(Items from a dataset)
- - - - -

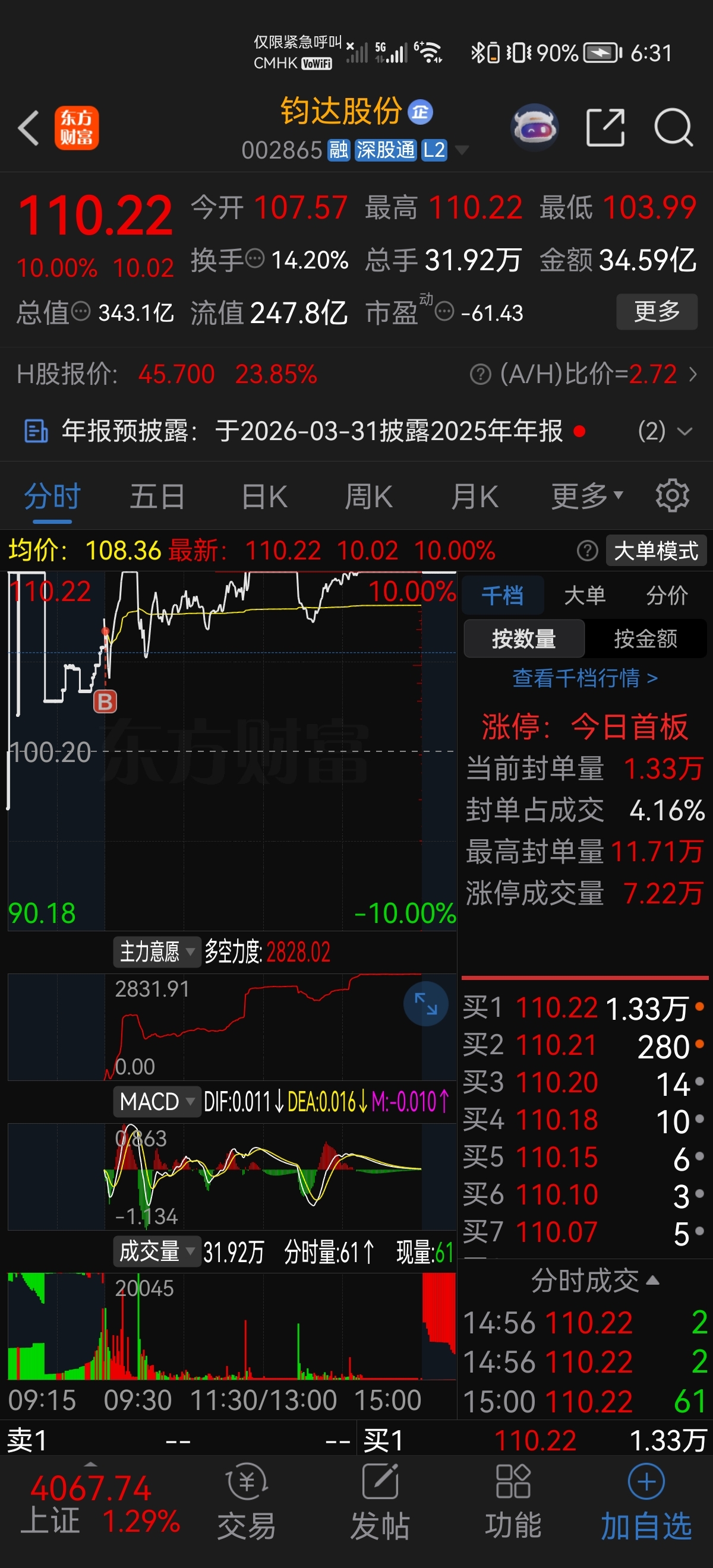 $钧达股份(SZ002865)$ #复盘记录# 一早就选了你,磨磨唧唧走烂板,好在最后封板了。
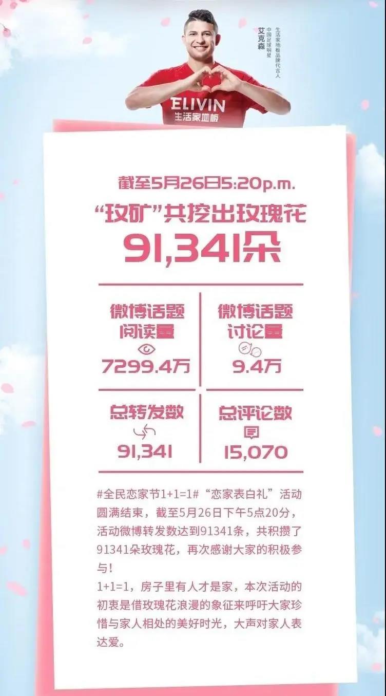 5月20日,生活家借助520網(wǎng)絡(luò)情人節(jié)自帶流量的優(yōu)勢,在微博發(fā)起“全民戀家節(jié)1+1=1”的活動,中國足球隊知名球星艾克森與王霜呼吁大家在向另一半表達(dá)愛的同時,不要忘記向家人表達(dá)愛意與感謝。生活家在官方微博掀起了一場“戀家表白禮”活動:轉(zhuǎn)發(fā)指定微博,就有機(jī)會獲得 “戀家表白禮”——抽取1位幸運兒送出玫瑰花,活動微博轉(zhuǎn)發(fā)多少次,就送多少枝玫瑰!在眾多大V和粉絲的轉(zhuǎn)發(fā)下,本次微博互動話題閱讀量高達(dá)7299.4萬,話題討論量達(dá)9.4萬,總轉(zhuǎn)發(fā)數(shù)91341。
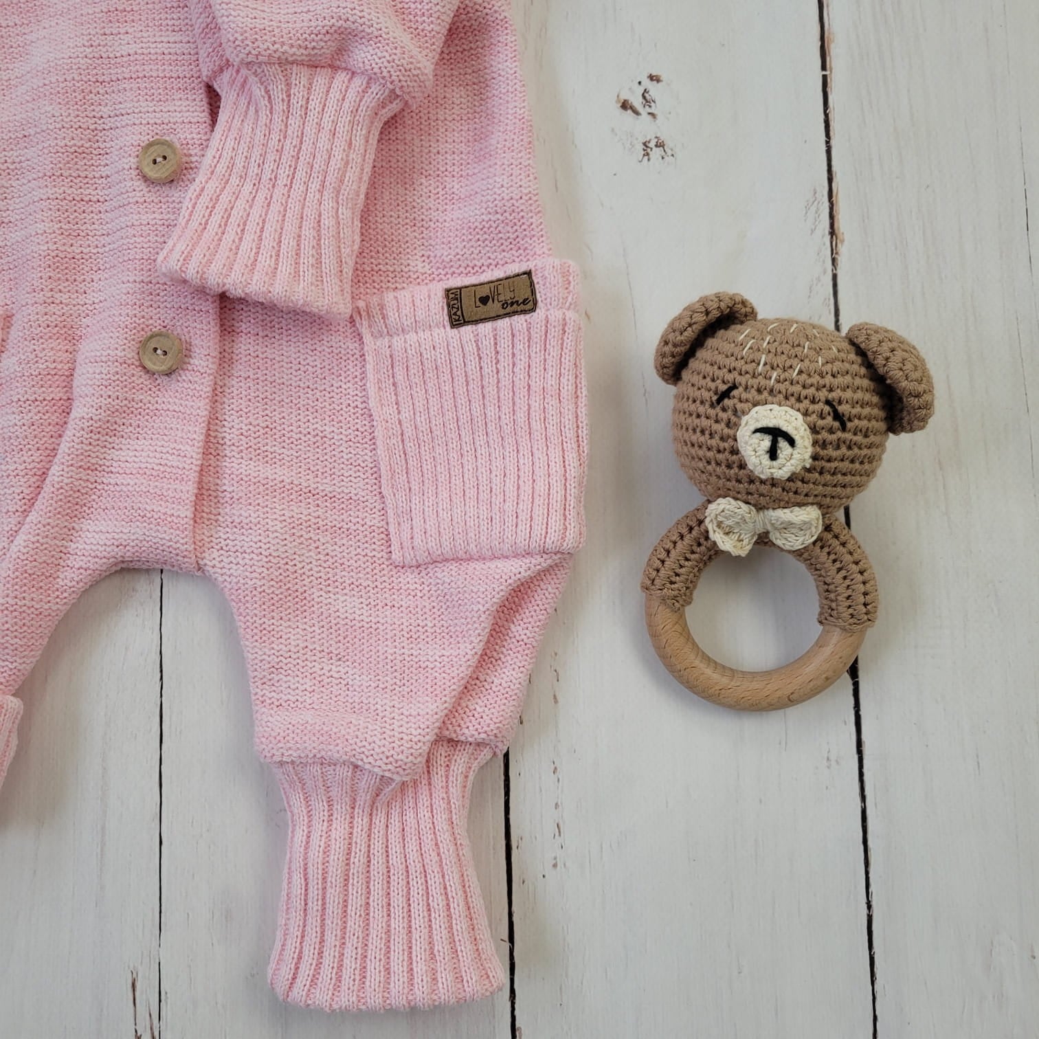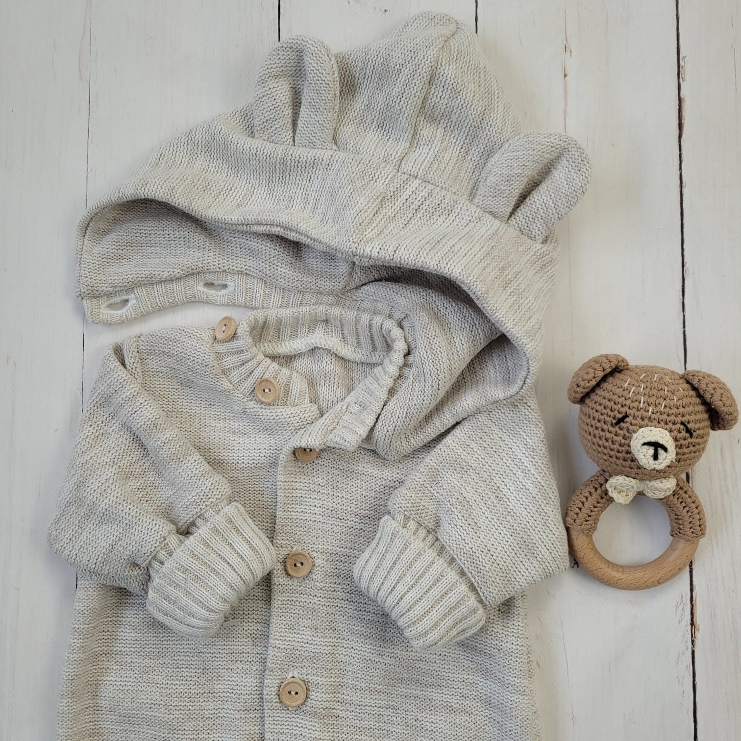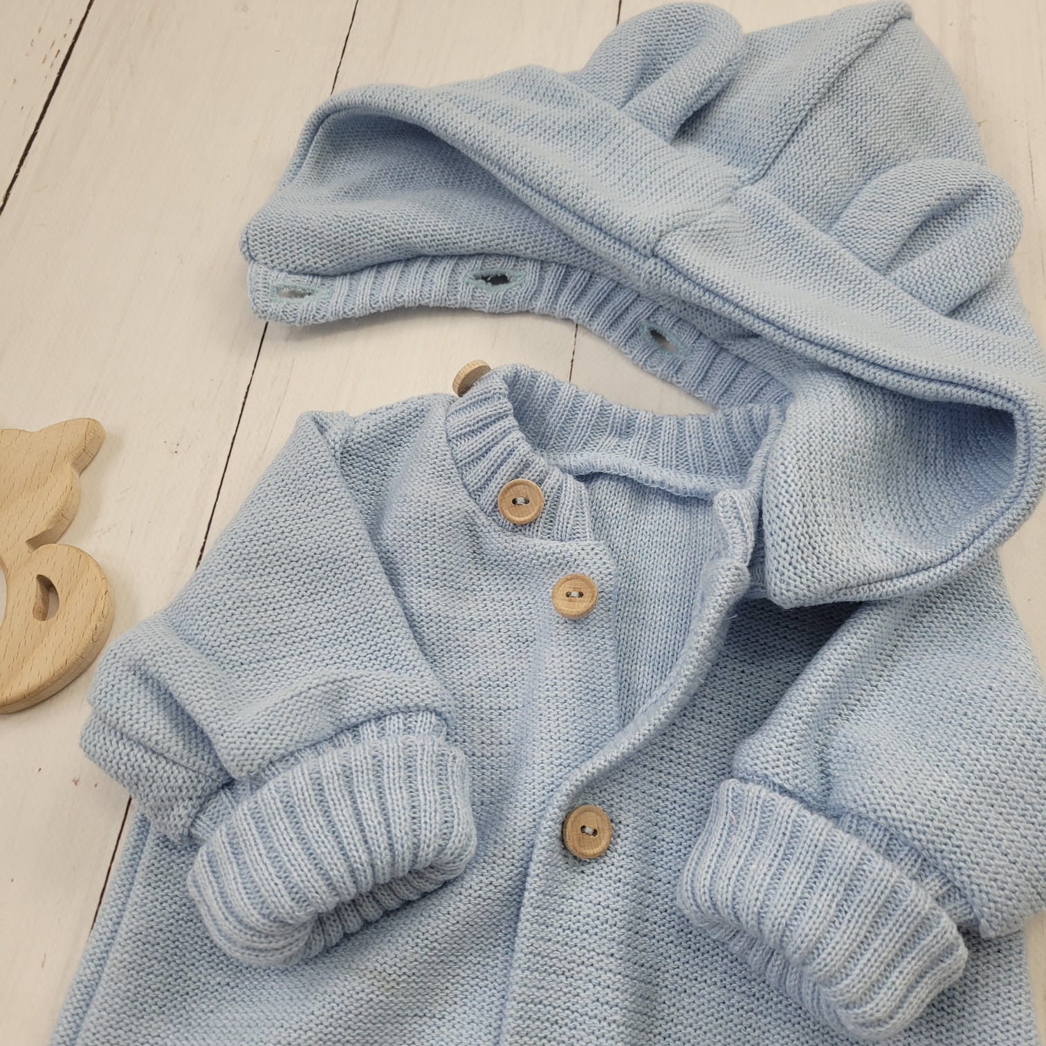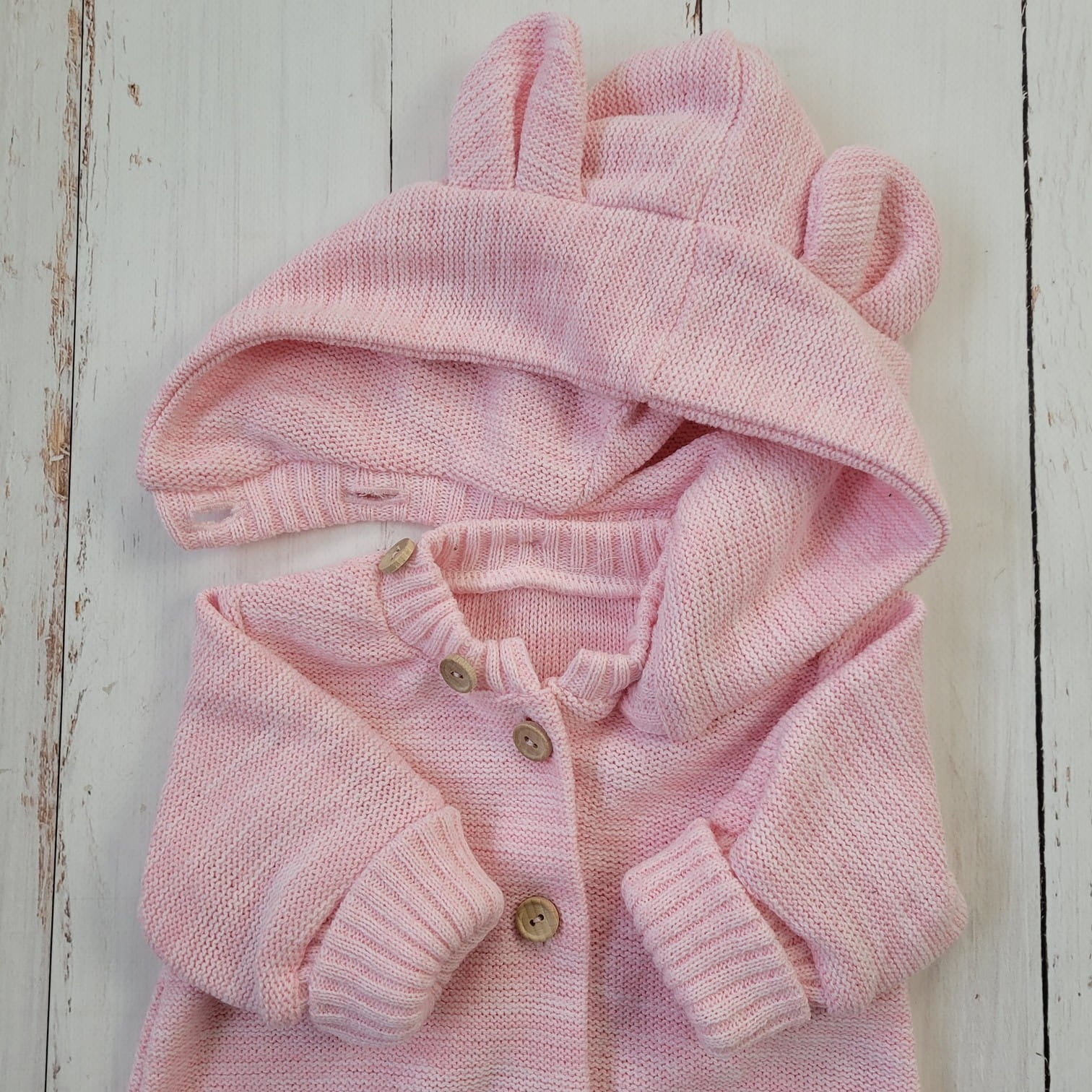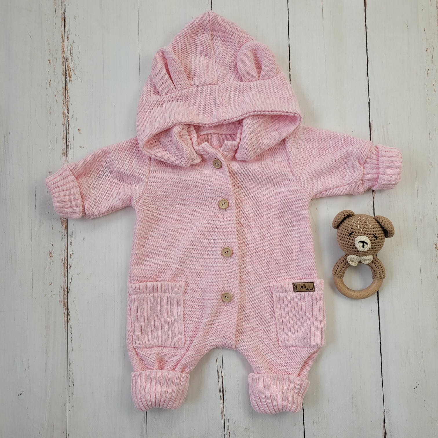 Ez a különleges, gombos kötött overál levehető, mély kapucnival készült, amelyet bájos fülecskék díszítenek. A praktikus, hosszú passzéknek köszönhetően együtt nő a babával, így hosszabb ideig hordható.
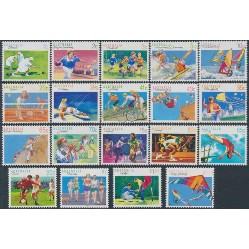 AUSTRALIA 1989-1990 1c to $1.20 Sports set of 19, mint never hinged – no thins, tears or bends. SG Cat. # 1169-1194
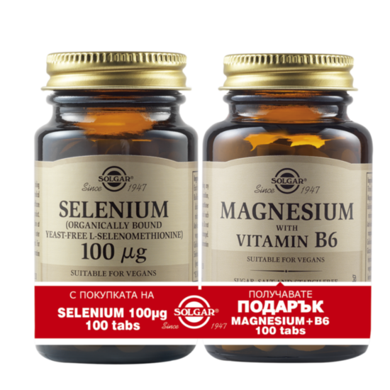 СОЛГАР СЕЛЕН 100МКГ X 100ТАБЛ + СОЛГАР МАГНЕЗИЙ С ВИТАМИН В6 ТАБЛ. Х 100 / SOLGAR MAGNESIUM WITH B6 TABL X 100
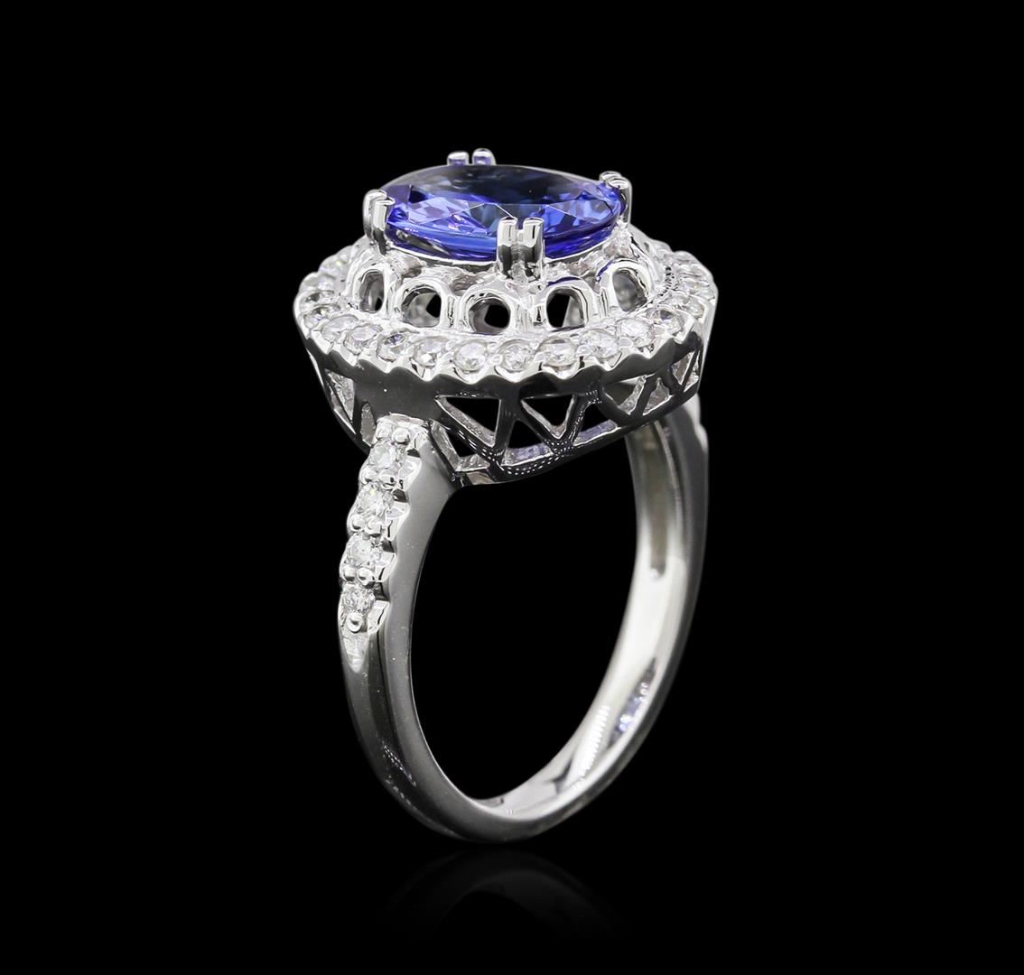 One electronically tested 14KT white gold ladies cast tanzanite and diamond ring with a bright polish finish. Identified with markings of "14K". Condition is new. Containing: One prong set oval modified brilliant cut natural tanzanite, measuring 10.50 x 7.30 x 4.75mm, approximate weight of 1.90ct., clarity is eye clean, type I, medium, moderately strong, violet color, (GIA V 5/4), cut is good. Thirty-Six prong set round brilliant cut diamonds, measuring 1.50 - 1.50 x 0.90mm (depth est.) approximate total weight of 36 Stones = 0.52ct. Clarity: SI-1 to SI-2. Color: I - J, Cut is Good. Colored gemstones are presumed to have been subjected to commonly used enhancement processes. All diamonds and colored gemstones are graded in the mounting, unless otherwise stated. Total Weight of Colored Stones 1.90ct. Total Weight of Diamonds 0.52ct. Total Weight of Ring 5.50 grams. GGL Appraised at $3,170.00.
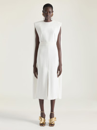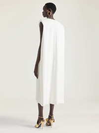 - Cape back midi sleeveless dress in crepe cady. - Crew neck. - Cinched at the waist. - Invisible zipped closure on the back. - Front slit. - Model measures 5.8 Feet and wears a size 36.
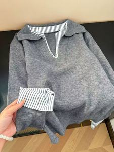 广州十三行高货爆款~拼接衬衫polo领假两件毛衣女2025秋季针织衫
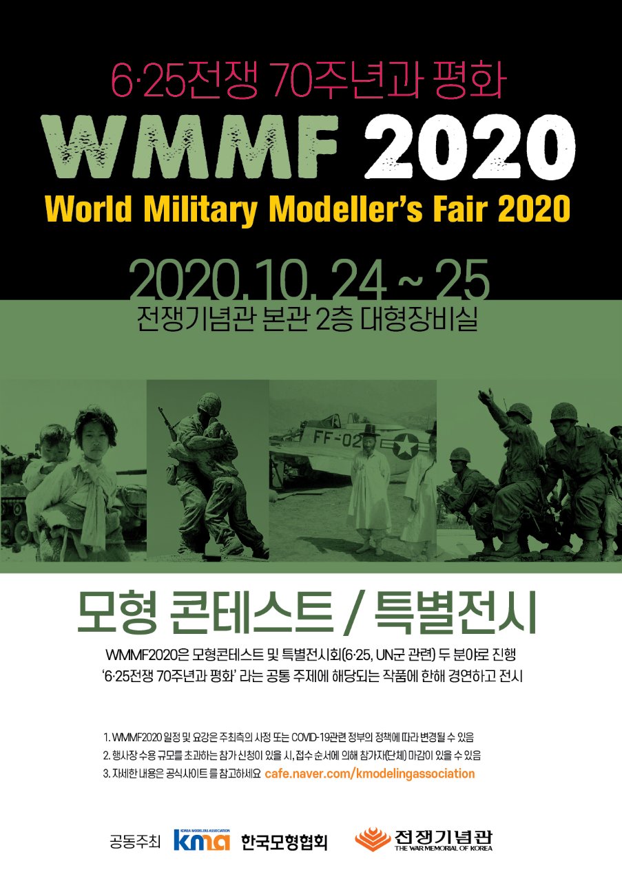 10월 24~25일 정쟁기념관에서 열릴 예정인 2020 세계밀리터리모델페어에 참가 접수를 현재 한국모형협회 홈페이지에서 접수 중이니 참가를 준비하고 계시거나 생각 중인 분들께서는 미리 접수를 해주시길 부탁을 드립니다. 미리 접수를 해주시면 대회를 준비하는데 많은 도움이 되겠습니다. 첫 대회다 보니 준비에 어려움이 많네요. 어려운 상황이지만 최선을 다해 대회를 진행하려고 준비를 하고 있습니다.
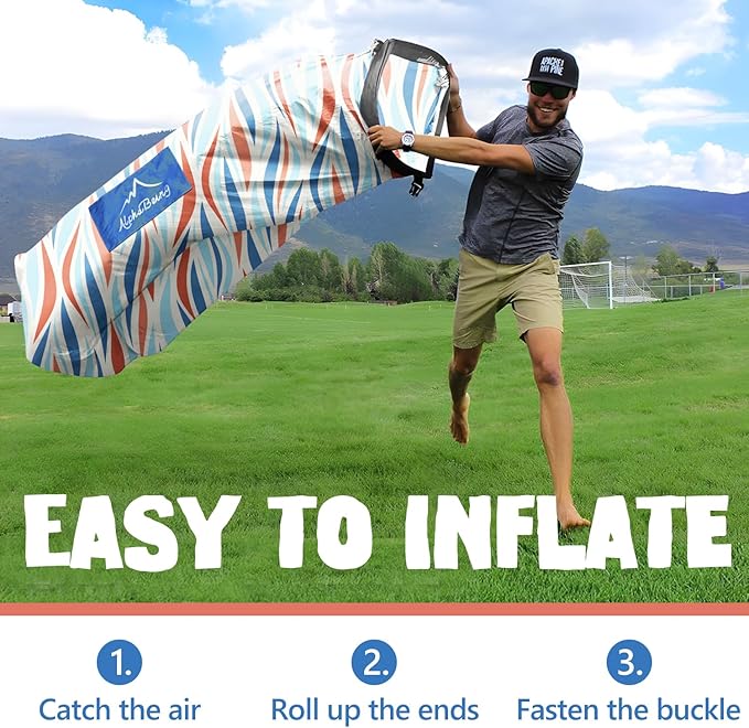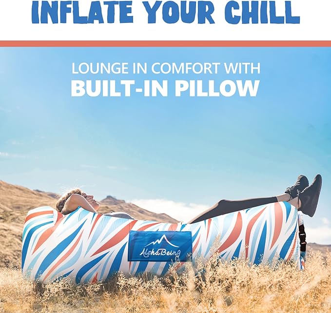 - Easy Inflation Design -- No pump required for AlphaBeing air lounger. Just a few scoops of air and this inflatable lounger is ready to hangout in. This is a must-have for any BBQ, beach, hike, concert, or camping trip. Folding to 12"x 8"x 4"and fitting in its own carrying bag with shoulder strap, this air sofa is ready to be taken anywhere with you.

- - - - -

### DIRECTIONS
After locating "广州十三行高货爆款~拼接衬衫polo领假两件毛衣女2025秋季针织衫" and "10월 24~25일 정쟁기념관에서" in the records above, return exactly the line holding each one and every line between them; leave out the pictures.

### RESPONSE TO THE EXERCISE
 广州十三行高货爆款~拼接衬衫polo领假两件毛衣女2025秋季针织衫
 10월 24~25일 정쟁기념관에서 열릴 예정인 2020 세계밀리터리모델페어에 참가 접수를 현재 한국모형협회 홈페이지에서 접수 중이니 참가를 준비하고 계시거나 생각 중인 분들께서는 미리 접수를 해주시길 부탁을 드립니다. 미리 접수를 해주시면 대회를 준비하는데 많은 도움이 되겠습니다. 첫 대회다 보니 준비에 어려움이 많네요. 어려운 상황이지만 최선을 다해 대회를 진행하려고 준비를 하고 있습니다.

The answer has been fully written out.